XLingEval (Cross-Lingual Evaluation of LLMs)

This is the project file from the paper Better to Ask in English: Cross-Lingual Evaluation of Large Language Models for Healthcare Queries

@inproceedings{jin2023better,
	title        = {Better to Ask in English: Cross-Lingual Evaluation of Large Language Models for Healthcare Queries},
	author       = {Jin, Yiqiao and Chandra, Mohit and Verma, Gaurav and Hu, Yibo and De Choudhury, Munmun and Kumar, Srijan},
	year         = {2024},
	booktitle    = {The Web Conference},
}

XLingHealth is a Cross-Lingual Healthcare benchmark for clinical health inquiry that features the top four most spoken languages in the world: English, Spanish, Chinese, and Hindi.

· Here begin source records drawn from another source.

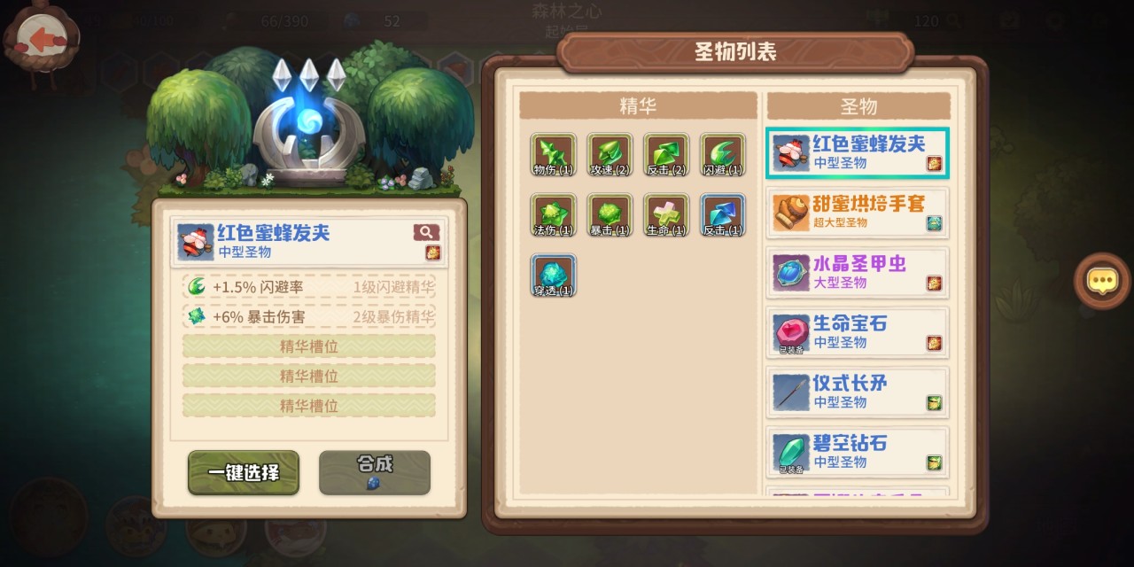 任务是副本特别是地下城玩法的重要组成部分,玩家在击败各层最终boss后可挑选任意圣物,生物能提供若干增益条目。根据品质高低圣物最多可镶嵌6个圣物精华,圣物精华会在击败怪物后随机掉落,当然也可消耗灵魂能量在杂货店购买,而攻速精华只要镶嵌在槽位上就能立刻生效。
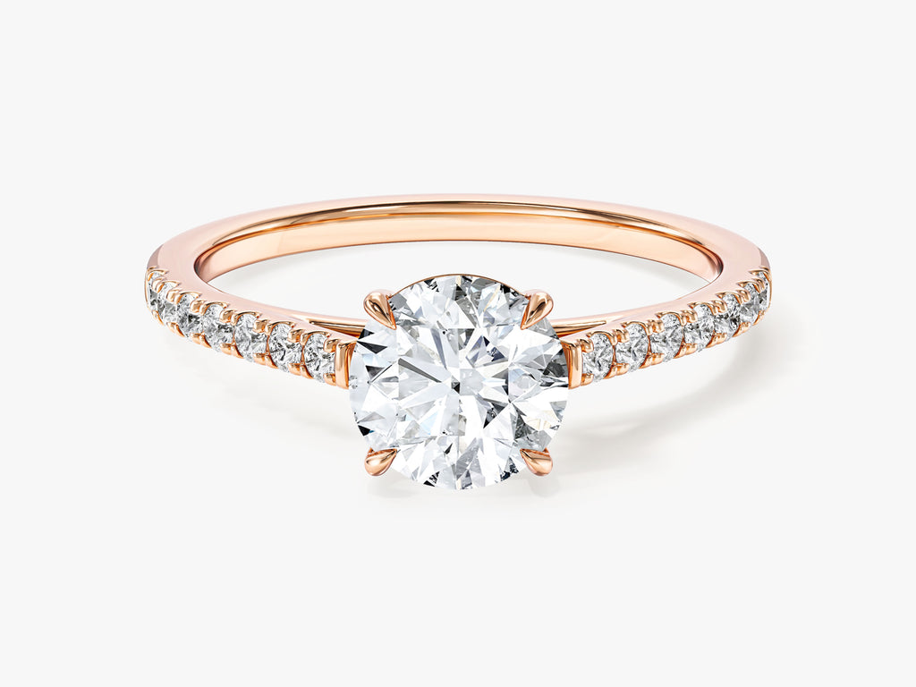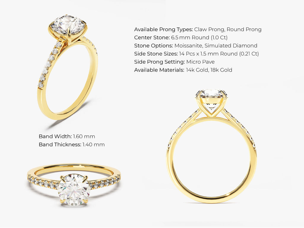 Cathedral Round Cut Moissanite Engagement Ring with Pave Set Side Stones (1.00 CT)
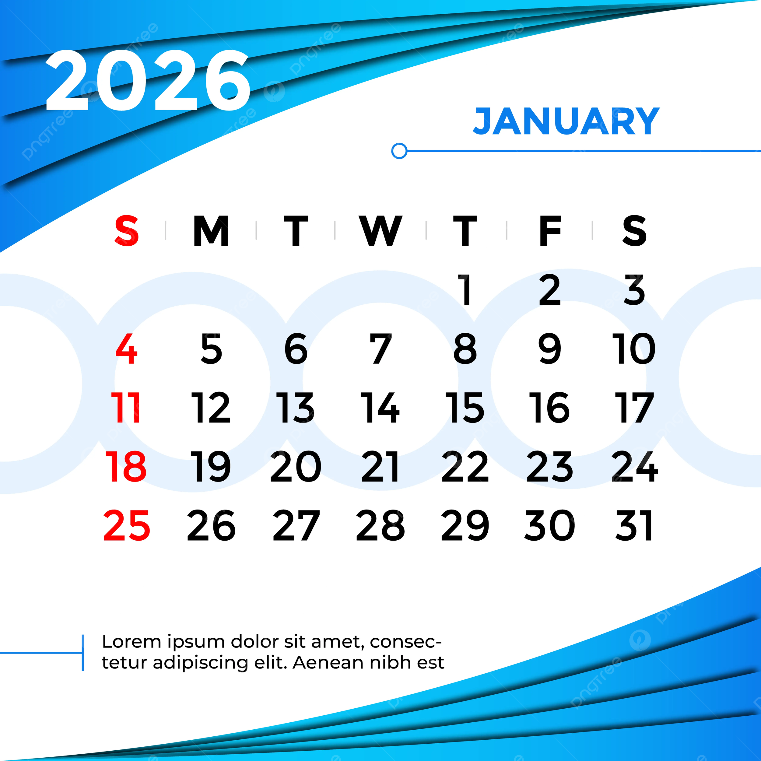 2026 January Month Calendar Vector Template Download On Pngtree
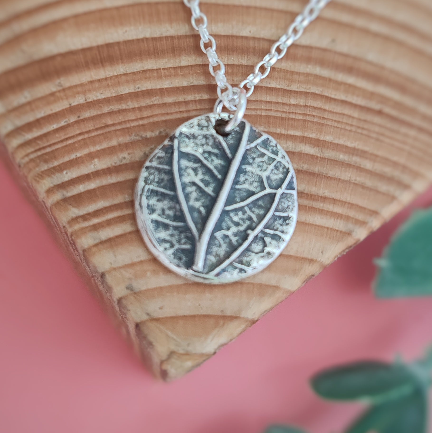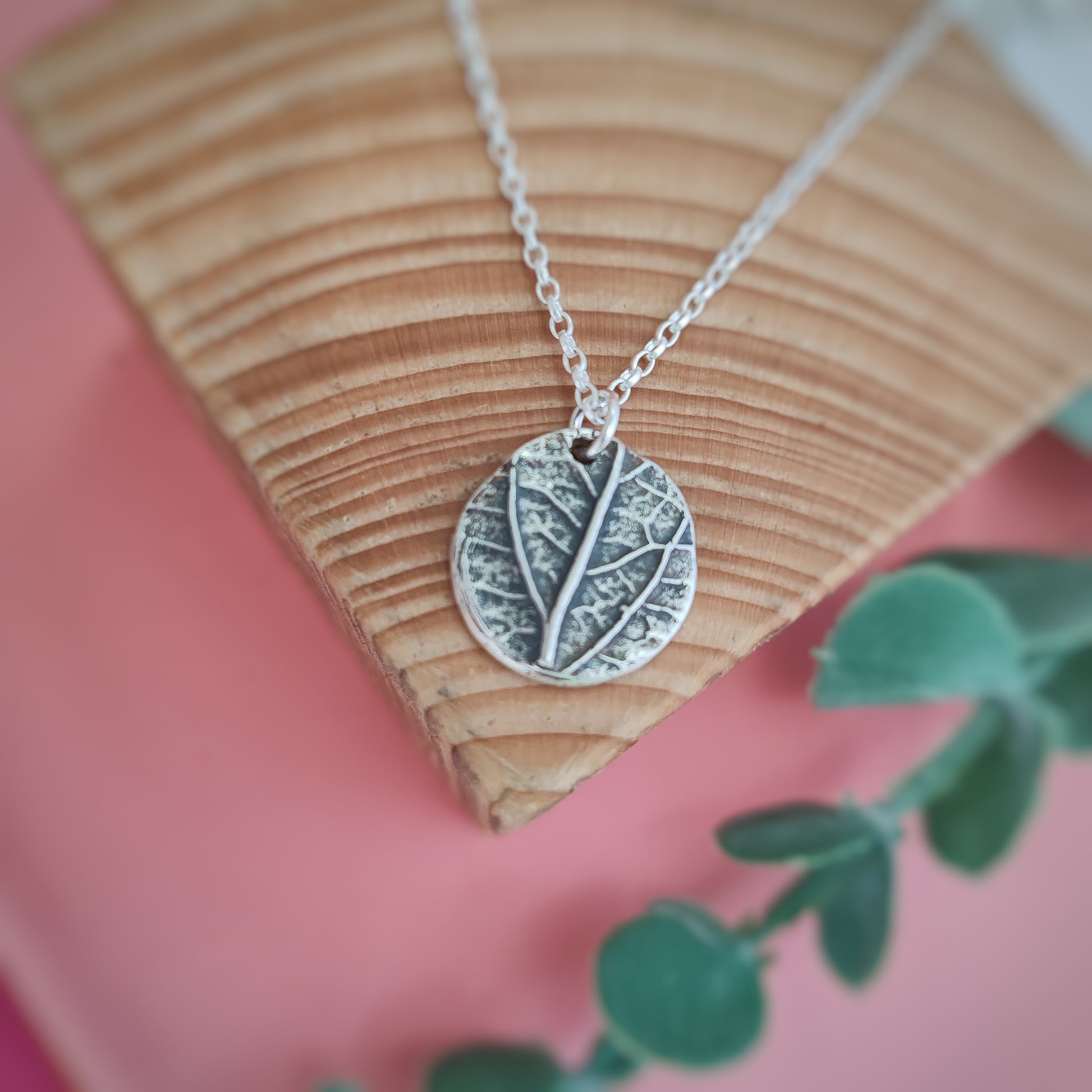 Stunning solid silver pendant depicting a real leaf. This beautiful piece is made using a mould of a real leaf with the impression taken in silver clay. Silver clay is an amazing product that acts like normal clay but once fired leaves solid silver. It is made from recycled silver from the electronics industry so is an eco friendly choice too. This beautiful pendant hangs from an 18" recycled sterling silver chain.
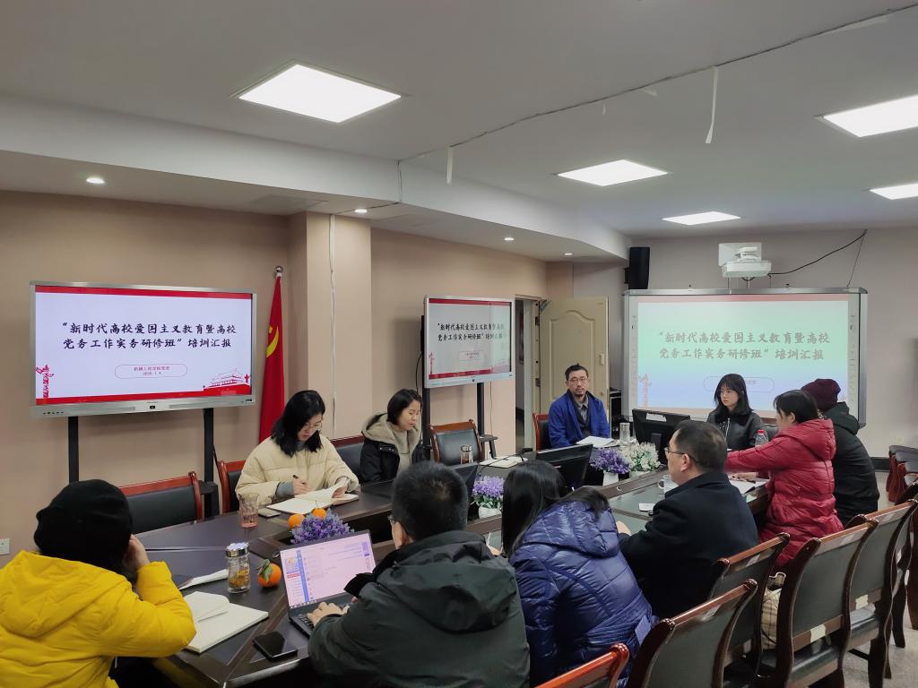 为加强新一届党务干部的理论学习,提升党务干部的业务水平,积极有效地开展爱国主义教育,顺利推动基层党建重点工作的开展,公司党委于2020年12月25日至28日,派送公司相关党务干部5人参加了“新时代高校爱国主义教育暨高公司党务工作实务研修班”培训。1月5日上午,公司党委在公司会议室召开了新时代高校爱国主义教育暨高公司党务工作实务研修班培训心得分享会,会议由公司党委杜力书记主持,公司党委委员、各党支部书记、委员共同参加了会议。会上,参加本次培训的5位党务干部分别做了培训心得汇报分享。

It is an evaluation toolkit designed to assess the performance of large language models like GPT-3.5/4 and MedAlpaca in the context of medical queries across multiple languages. The toolkit focuses on three core metrics: correctness, consistency, and verifiability.

Introduction

Large language models (LLMs) are transforming the ways the general public accesses and consumes information. Their influence is particularly pronounced in pivotal sectors like healthcare, where lay individuals are increasingly appropriating LLMs as conversational agents for everyday queries. While LLMs demonstrate impressive language understanding and generation proficiencies, concerns regarding their safety remain paramount in these high-stake domains. Moreover, the development of LLMs is disproportionately focused on English. It remains unclear how these LLMs perform in the context of non-English languages, a gap that is critical for ensuring equity in the real-world use of these systems.This paper provides a framework to investigate the effectiveness of LLMs as multi-lingual dialogue systems for healthcare queries. Our empirically derived framework XlingEval focuses on three fundamental criteria for evaluating LLM responses to naturalistic human-authored health-related questions: correctness, consistency, and verifiability. Through extensive experiments on four major global languages, including English, Spanish, Chinese, and Hindi, spanning three expert-annotated large health Q&A datasets, and through an amalgamation of algorithmic and human-evaluation strategies, we found a pronounced disparity in LLM responses across these languages, indicating a need for enhanced cross-lingual capabilities. We further propose XlingHealth, a cross-lingual benchmark for examining the multilingual capabilities of LLMs in the healthcare context. Our findings underscore the pressing need to bolster the cross-lingual capacities of these models, and to provide an equitable information ecosystem accessible to all.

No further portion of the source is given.